Becoming a digital trader is not difficult, but it requires concentration, patience, drive, practice and discipline. When people search the internet for successful traders, they see a huge list of millionaires and get excited. Please, do not approach digital trading as a ‘get rich quick’ scheme. Like any start up business, Instead, try following some of the tips below.
Make important trading decisions
Which brokerage company to use?
Scout for a credible and reputable trading company. Look for customer reviews of different firms and see which is best for you. The credible trading company allows you to create an account and deposit cash. You will then use the cash to buy and sell assets you have interest in.
Before selecting a trading firm, read and understand their terms and conditions. Check how long withdrawals take to be completed and any extra charges you might incur. Understand wagering requirements and consequences for lack of adherence. Also, consider the maximum and minimum deposit and withdrawal limits.
What are your trading goals?
What is your reason for trading? Are your goals long-term or short-term? You have to be keen and disciplined, especially if you intend to be a long-term successful digital trader. You cannot afford to approach digital trading with real money as a hobby.

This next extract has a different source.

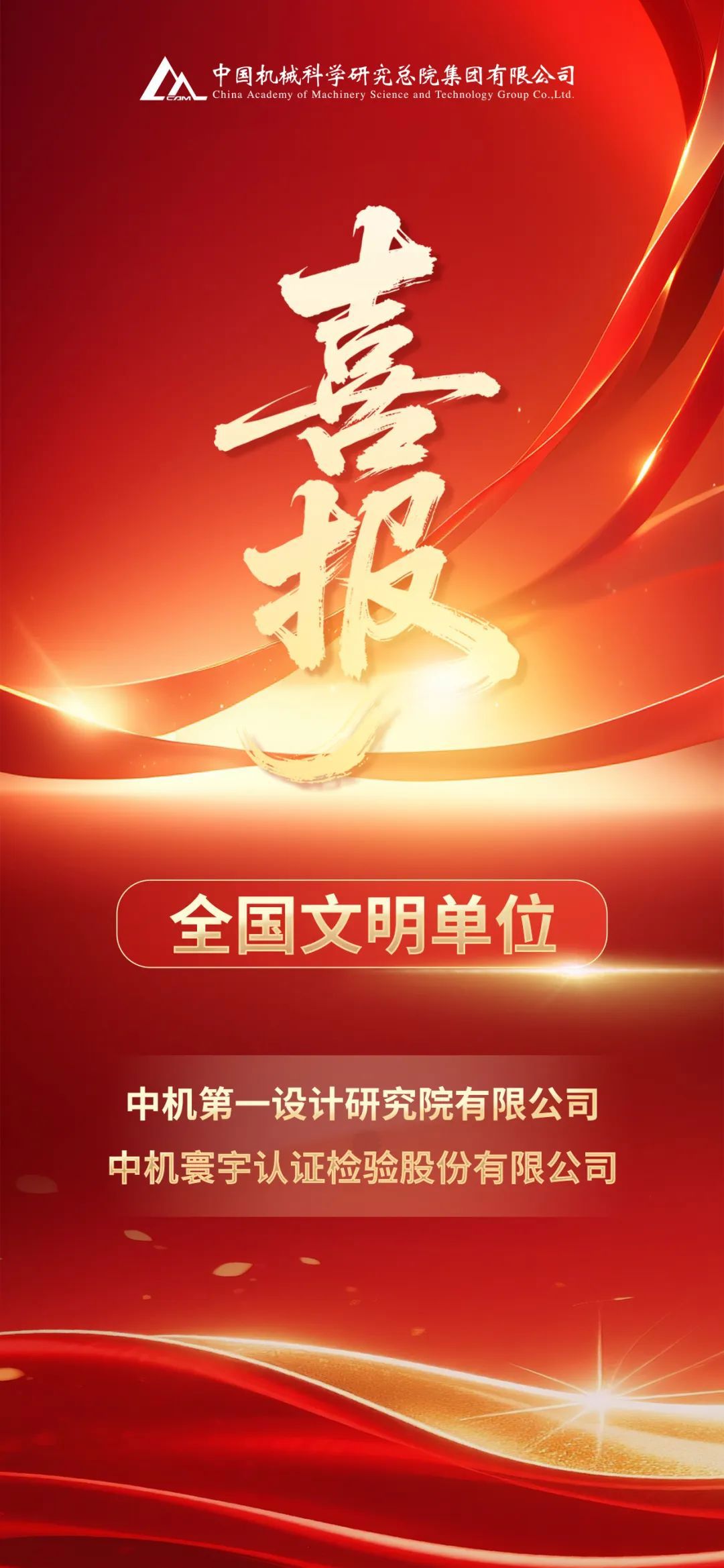 全国精神文明建设表彰大会5月23日在京召开。会上传达习近平总书记近日对精神文明建设工作作出的重要指示,并宣读表彰决定。中国爱体育(中国)一站式服务平台总院中机第一设计研究院有限公司、中机寰宇认证检验股份有限公司2家单位被授予第七届“全国文明单位”荣誉称号。

How much can you afford to lose?
No one goes into digital trading with the intention to lose. However, it is advisable that you do not trade with money you cannot afford to lose. For example, taking money from college funds account and using it to trade. People have ended up in depression and broken families because of trading using life savings and money from other important accounts.
To become a successful trader, ensure that you first learn all the basics of trading. Educate yourself on all the do’s and don’ts of trading by reading books and watching tutorial videos. There are plenty of learning material available on the internet including pdf, YouTube videos, websites for investment companies like CMC and e-books. You can also talk to people who are experienced with the different forex markets for one-on-one tips. Ask them about the mistakes they made as beginners and how you can become a better trader.
Learn the strategies, pick one and stick with it
As a beginner trader, one of the greatest mistakes you can make is frequently changing strategies. Using many strategies will easily confuse you. It is better to test all of them, pick a favourite then work on perfecting your skills. There are many money strategies in digital trading from the Martingale to using R.S.I.
Bottomline, you need to learn your strategies and master them before you can trade with real money. Most trading platforms allow members to practice trading, using virtual money. Do not be quick to change strategies after some loss or because you think you will find an easier one.
Do not overwhelm yourself
Trading, even using virtual money can be overwhelming. After you have experienced some loses, stay calm and decide whether you are fit to keep going. If you are trading with virtual money, you can go on, as most forex trading platforms offer a ‘refill’ once the trial funds are done. Do not waste time getting frustrated over losing, instead keep your head in the game and try to establish where you went wrong.
About trading robots
Maybe you have heard of forex trading FX robots. While some of these robots might be useful, it can be difficult to significantly stay in the money, when the markets change.
Pay attention to news
To become an even better trader, you have to stay informed. Stay updated on the news constantly to find out how the markets might be affected. Laws passed, events and words uttered by financial ‘sharks’ can cause huge changes in the markets, thus affecting your trades.
Check the trend and volatile markets
Volatility is the life of digital trading. Pay attention to the trend of your assets. Trade with the trend! Be careful when the markets are volatile and make a volatility analysis to add to your strategy.